*What you need to do*. The data below contains pictures, which are to be skipped; the lines starting at the line with "Er is ook een" and ending at the line with "Bu kavisli kılıcın" are to be output exactly, both ends included.

------ Entries supplied

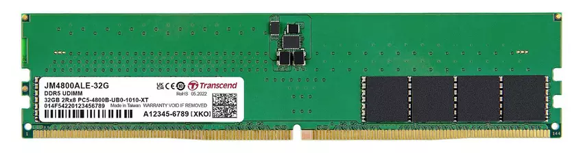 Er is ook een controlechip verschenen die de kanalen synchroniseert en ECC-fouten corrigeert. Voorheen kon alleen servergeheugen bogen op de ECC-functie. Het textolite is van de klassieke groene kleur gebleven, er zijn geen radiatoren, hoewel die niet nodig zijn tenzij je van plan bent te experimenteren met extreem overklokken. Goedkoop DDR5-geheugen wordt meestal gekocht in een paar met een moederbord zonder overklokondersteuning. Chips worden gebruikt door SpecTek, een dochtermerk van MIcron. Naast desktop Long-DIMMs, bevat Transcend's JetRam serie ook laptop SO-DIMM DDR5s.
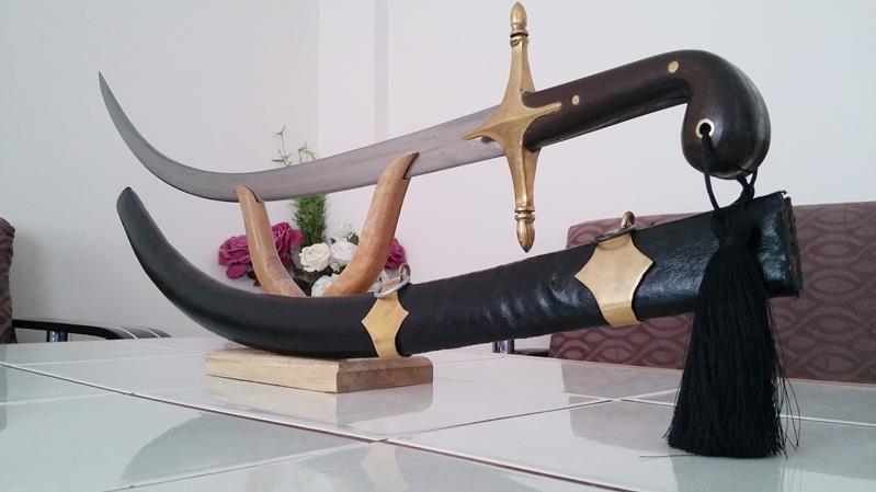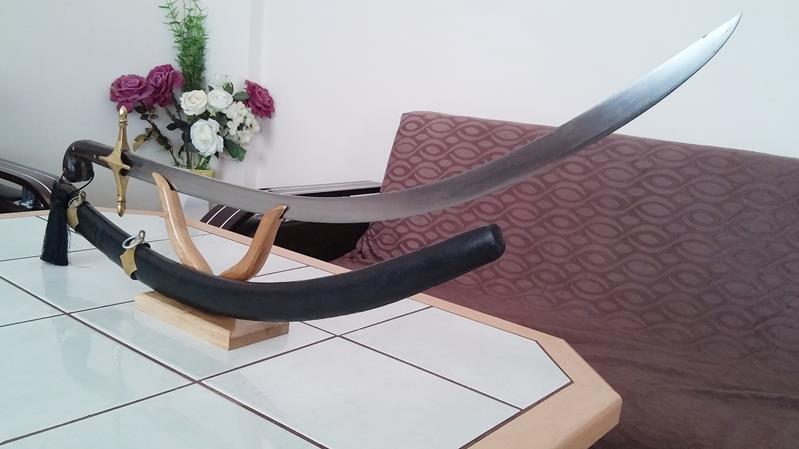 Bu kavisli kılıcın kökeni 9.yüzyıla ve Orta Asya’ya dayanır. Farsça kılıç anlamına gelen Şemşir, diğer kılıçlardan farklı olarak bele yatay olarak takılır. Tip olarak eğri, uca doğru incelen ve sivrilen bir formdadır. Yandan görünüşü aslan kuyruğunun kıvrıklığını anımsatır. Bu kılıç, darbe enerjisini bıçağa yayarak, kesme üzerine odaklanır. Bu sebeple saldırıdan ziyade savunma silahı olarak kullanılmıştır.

------------
------ Entries supplied

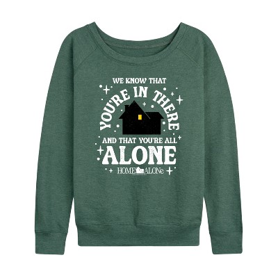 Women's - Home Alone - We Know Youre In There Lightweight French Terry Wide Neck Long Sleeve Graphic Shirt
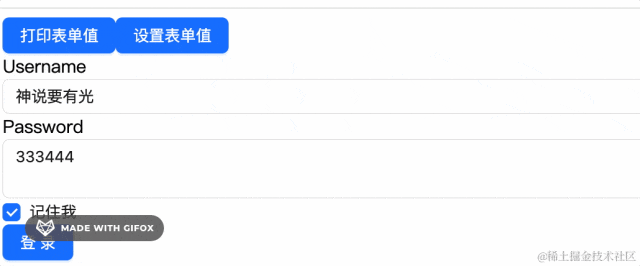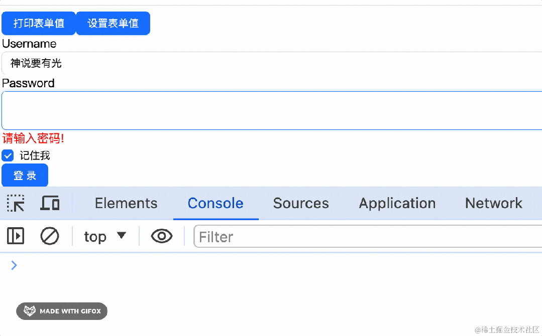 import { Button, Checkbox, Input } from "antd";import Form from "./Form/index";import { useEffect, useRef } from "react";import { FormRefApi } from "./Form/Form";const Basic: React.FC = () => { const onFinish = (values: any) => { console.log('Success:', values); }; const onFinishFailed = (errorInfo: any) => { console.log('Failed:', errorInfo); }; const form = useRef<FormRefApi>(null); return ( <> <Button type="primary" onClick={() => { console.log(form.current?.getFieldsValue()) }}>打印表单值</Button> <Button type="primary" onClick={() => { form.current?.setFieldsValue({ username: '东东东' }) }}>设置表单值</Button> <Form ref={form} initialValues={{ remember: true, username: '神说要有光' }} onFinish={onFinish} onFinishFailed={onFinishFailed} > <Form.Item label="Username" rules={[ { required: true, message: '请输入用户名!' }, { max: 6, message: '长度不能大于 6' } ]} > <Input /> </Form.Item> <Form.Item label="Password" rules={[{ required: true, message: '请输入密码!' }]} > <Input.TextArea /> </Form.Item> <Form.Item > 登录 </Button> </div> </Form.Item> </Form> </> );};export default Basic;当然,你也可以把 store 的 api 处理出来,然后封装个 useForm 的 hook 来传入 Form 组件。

------------
------ Entries supplied

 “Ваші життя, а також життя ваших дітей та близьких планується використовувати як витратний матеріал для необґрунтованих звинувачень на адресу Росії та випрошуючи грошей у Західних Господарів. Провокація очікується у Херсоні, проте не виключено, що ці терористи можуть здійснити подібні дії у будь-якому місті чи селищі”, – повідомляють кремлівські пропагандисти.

------------

*Solution to this exercise*.
 Er is ook een controlechip verschenen die de kanalen synchroniseert en ECC-fouten corrigeert. Voorheen kon alleen servergeheugen bogen op de ECC-functie. Het textolite is van de klassieke groene kleur gebleven, er zijn geen radiatoren, hoewel die niet nodig zijn tenzij je van plan bent te experimenteren met extreem overklokken. Goedkoop DDR5-geheugen wordt meestal gekocht in een paar met een moederbord zonder overklokondersteuning. Chips worden gebruikt door SpecTek, een dochtermerk van MIcron. Naast desktop Long-DIMMs, bevat Transcend's JetRam serie ook laptop SO-DIMM DDR5s.
 Bu kavisli kılıcın kökeni 9.yüzyıla ve Orta Asya’ya dayanır. Farsça kılıç anlamına gelen Şemşir, diğer kılıçlardan farklı olarak bele yatay olarak takılır. Tip olarak eğri, uca doğru incelen ve sivrilen bir formdadır. Yandan görünüşü aslan kuyruğunun kıvrıklığını anımsatır. Bu kılıç, darbe enerjisini bıçağa yayarak, kesme üzerine odaklanır. Bu sebeple saldırıdan ziyade savunma silahı olarak kullanılmıştır.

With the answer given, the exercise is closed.